Both life and your changing hormones can create anxiety and depression, and it’s made worse during menopause. More than 20% of women will deal with depression during menopause.
Hot and Bothered, But Not In A Good Way
The fluctuation of hormones that happens during menopause can affect how our body regulates temperature. You might find yourself waking up covered in sweat, and the temperature changes can keep you from falling asleep again. Plus, the adrenaline that accompanies hot flashes and night sweats can make you feel more awake than ever.
Bladder leak can creep up on us at any moment, even when we’re asleep. A weakened pelvic wall from previous pregnancies, childbirth, and more can lead to late-night leakage (and incontinence during the day, too). And those leaks can wake you up at night, and keep you up. (Psst…our Lily Bird pads and undies can help).
Tingling and unease in the legs can make you feel uncomfortable while lying down. If you struggle with restless legs, you know the only thing you want to do is get up and move them around. Obviously, this isn’t going to help you fall asleep any time soon.
Our hormones regulate just about everything our bodies do, but did you know that they can affect how well you breathe, too? The hormone progesterone may be responsible for dilating our airways, but during menopause less progesterone is produced. This leads to difficulty breathing and can cause sleep apnea.
Menopause May Not Be The Only Reason for Insomnia
Changes from menopause may not be the only thing keeping you up at night. Let’s face it, you have a busy life. You’re working on your career while seeing the kids off to their lives outside of the nest. Your parents are aging and may need more of your time. You may be working towards fulfillment in life and work or even trudging through a midlife crisis. Menopausal symptoms certainly don’t help, but they may not be the only things keeping you up, either.

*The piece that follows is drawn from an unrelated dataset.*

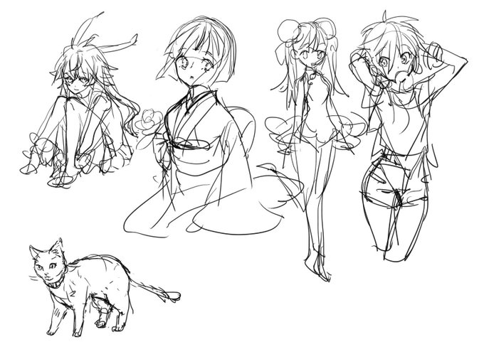 大ラフ(二枚目)から割り切った線画を起こして(三枚目)ちょっぱやで色を塗る(四枚目)試みをしているらくがきです araize... 最近はやりの目の描き方を試しているze
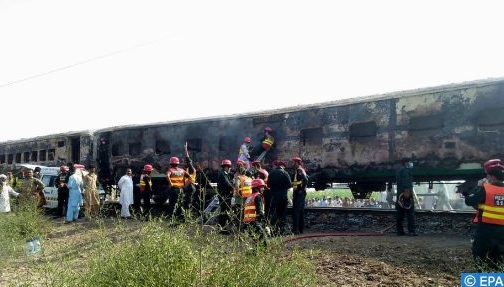 لقي ما لا يقل عن 65 شخصا مصرعهم وأصيب عشرات آخرون، اليوم الخميس، إثر اندلاع حريق في قطار ركاب بمنطقة رحيم يار خان بمقاطعة البنغاب شرقي باكستان، وفق ما ذكر مسؤولون محليون. وأكدت وزيرة الصحة المحلية، ياسمين رشيد، أنه يجري نقل أكثر من أربعين جريحا الى المستشفيات في المنطقة. من جهته، أوضح مسؤول في السكك الحديدية، في تصريح صحفي، أن الحريق اندلع بسبب انفجار اسطوانة غاز داخل القطار بينما كان أحد الركاب يحاول إعداد فطوره، مضيفا أن الحريق اجتاح ثلاث عربات من القطار.

There’s Hope for Sleepless Nights
Well, that’s a long list of insomnia-causing ailments. But it’s important information all of us savvy women entering menopause. Luckily for those of us dealing with menopause-induced insomnia, there are some things that can help. For starters, practice good sleep hygiene by keeping the room dark and cool and staying off your phone at least an hour before bed. Write down all the things that have been bothering you before you go to sleep to help mitigate any anxiety. Cooling, moisture-wicking blankets and sheets wouldn’t hurt either, and can help you stay cool and dry when you get night sweats. Don’t rely on sleeping medication to help you through the night, you don’t want to get addicted to a temporary solution. If things are really piling up, it may be time to see a doctor.
Yes, it’s true, the menopausal transition is a difficult time, but it doesn’t have to slow you down or keep you from the things you love. The hot flashes and sleepless nights are temporary while your body adjusts. You’ll be much more comfortable, and rested, on the other side.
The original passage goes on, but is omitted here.